There are boxes and boxes of card games (some very non-PC) and board games, of Hornby train sets, terrifying dolls, teddies, model farms, toy cars, construction kits. Toys that children have coveted at Christmas and written hopefully on birthday lists: Weebles, Playmobil, Barbies. An excellent collection of learning toys by the designer Fredun Shapur – brightly coloured and eminently touchable. Toys that bring joy to the people that see them – but they are so rarely seen by anyone except the learning team and the odd student or researcher. These thousands of objects are stored – exquisitely wrapped and catalogued thanks to years of hard work by some very dedicated volunteers – in tissue paper, calico bags and archival quality boxes. In dark cupboards, in basement classrooms, and no one ever sees them or touches them. They don’t spark joy any more, they just get audited every so often. Occasionally I have taken a few objects out – some to sessions at the V&A, working with dementia sufferers as part of an ‘arts prescription’. Some have been to Great Ormond Street or other hospital schools, but these excursions are the exception rather than the norm.
One of my jobs at the moment – now that we have no schools in the museum – is to decant this collection, rationalising it to meet the vision and purpose for the new museum. I also want to rebrand the collection as a handling collection, not a learning collection: to make its practical purpose explicit and, most of all, to get it out of those cupboards. We’re a museum, so we have lots of cupboards full of objects that people can’t touch – both the glass ones on the visitor floors and the treasure troves below. We don’t need any more.
We need a learning collection that people can get their hands on and learn from: does that teddy feel as soft as it looks? What happens if I turn him upside down? How do I make that train set go? What does that button do? Children – and adults! – are curious by nature, and we learn best through play and experience. A learning collection that you can’t do either with isn’t living up to its name.
It’s a daunting job but an interesting one! It’s going to take a few weeks, and then I need to find homes for the objects we are not going to keep. I’d like to see them go to other museums, to schools library services, to schools and to historical interpreters. If you’re any of these things – or if you can add to this list – please do let me know!
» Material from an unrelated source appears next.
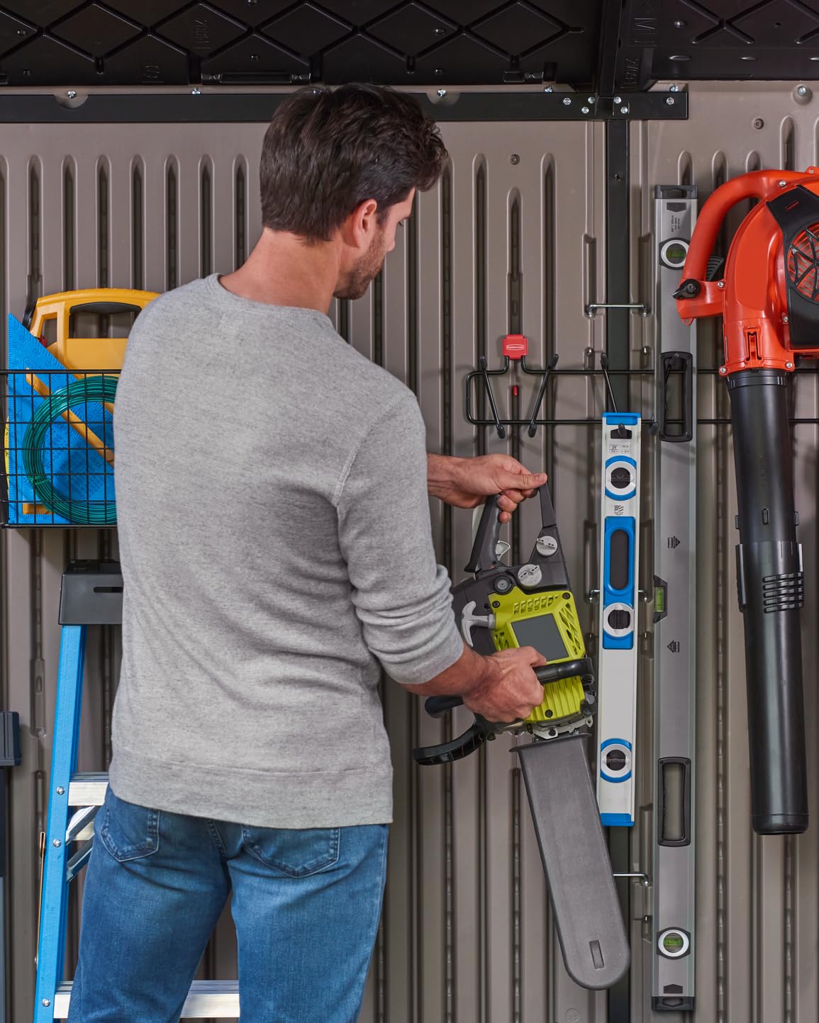 CUSTOMIZE TO YOUR NEEDS: Use Rubbermaid wall anchors to add pegboard, shelves, utility hooks, sports racks, and other accessories to the inside of the shed. Each wall panel is strong enough to hold up to 75 lbs, using Rubbermaid shed accessories.
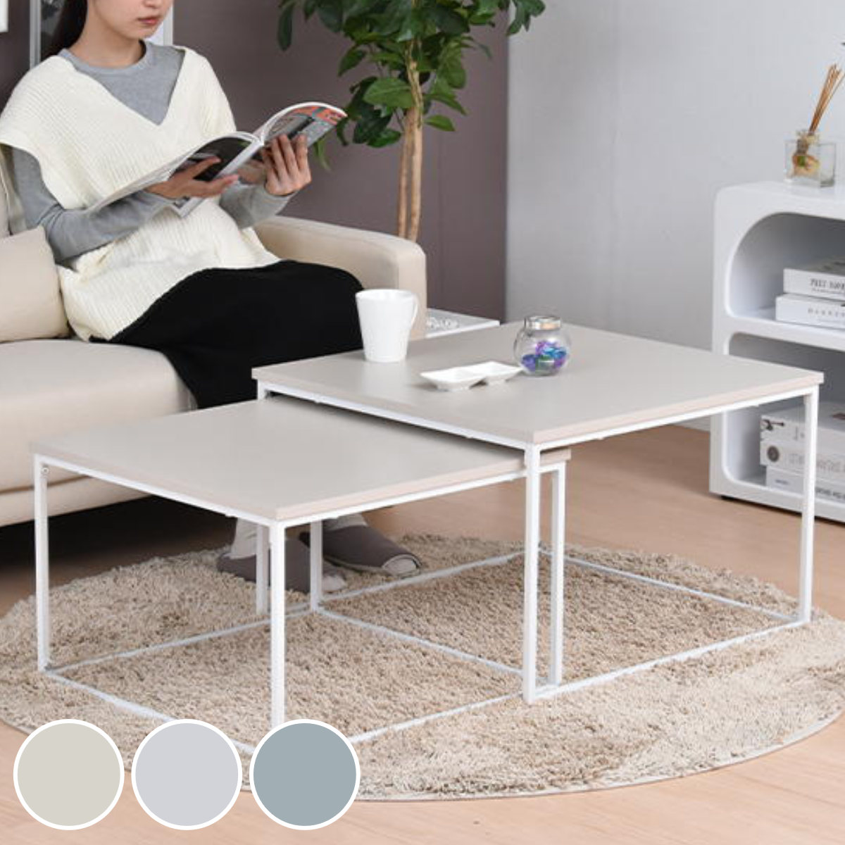 ■ネストテーブル コの字 コの字テーブル カフェテーブル センターテーブル ローテーブル パステルカラー 完成品 【ZERO1053042/aino】 ☆

Here’s some of my favourite odd objects from the cupboards to be going on with, taken when I was auditing the collection in 2018….
I had a pencil case like this!
Rinso model village
A cuddly duck-billed Platypus
Dolls’ house candle snuffer
Doll-sized working spinning wheel
Welsh and Scottish peg dolls
Chief Robot (clockwork)
Sand toy
Thames barge
And – as a brilliant segue into this week’s crafty section – here’s a sampler…
Castles and cross stitch
A couple of weeks ago I shared a Princess Bride reference cross stitch I’d made and turned into cards for my family to make them laugh. That was someone else’s design, but it got me thinking about other quotes I’d like to see in stitches.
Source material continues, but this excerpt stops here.